Cintillo de indicadores económicos Colombia

Cargando...

La historia de los 8.000 marineros que siguen varados en el estrecho de Ormuz tras 100 días de guerra

Miles de marineros llevan más de 100 días atrapados en el Golfo Pérsico por la guerra que cerró el estrecho de Ormuz y frenó el comercio mundial.

  • Más de 8.000 marineros siguen varados en el Golfo Pérsico, 100 días después del inicio de la guerra que cerró el estrecho de Ormuz.
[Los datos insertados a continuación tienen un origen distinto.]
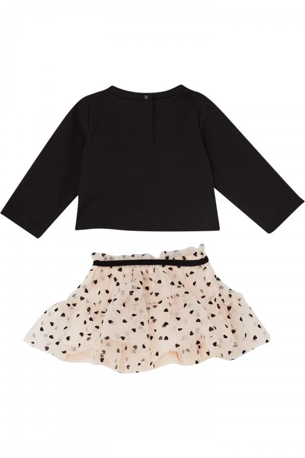 Completino due pezzi Liu Jo Junior, modello con t-shirt maniche lunghe e gonna con stampa cuori in contrasto all over

FOTO: Getty.
    Más de 8.000 marineros siguen varados en el Golfo Pérsico, 100 días después del inicio de la guerra que cerró el estrecho de Ormuz. FOTO: Getty.
hace 21 minutos
bookmark

Abhijit Chopra se enteró del acuerdo de paz entre Estados Unidos e Irán por los mensajes de su familia y sus amigos. Es capitán de un petrolero y lleva fondeado en el Golfo Pérsico desde finales de enero. Cuando su teléfono se llenó de notificaciones, tuvo que contener el entusiasmo.
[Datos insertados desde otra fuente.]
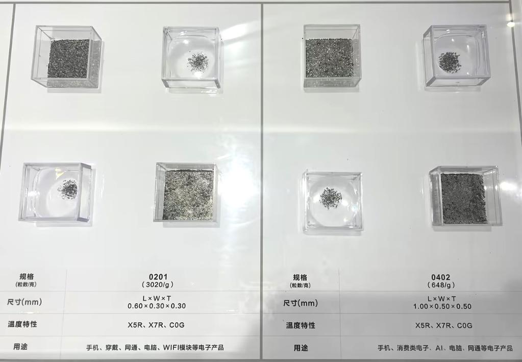 風(fēng)華高科生產(chǎn)的部分電容產(chǎn)品,用于手機(jī)、消費(fèi)類(lèi)電子、AI等電子產(chǎn)品。受訪企業(yè)供圖

Chopra y su tripulación de 21 personas —20 indios y un ucraniano— quedaron atrapados cuando estalló la guerra el 28 de febrero. Al principio pelearon contra el miedo. Después llegó el aburrimiento, y con él la tarea diaria de no dejar que los pensamientos negativos ganaran terreno.

Cenan juntos. Cantan viejas canciones en hindi en el karaoke del barco. A comienzos de marzo celebraron el Holi a bordo, pintándose la frente con cúrcuma sacada de la cocina.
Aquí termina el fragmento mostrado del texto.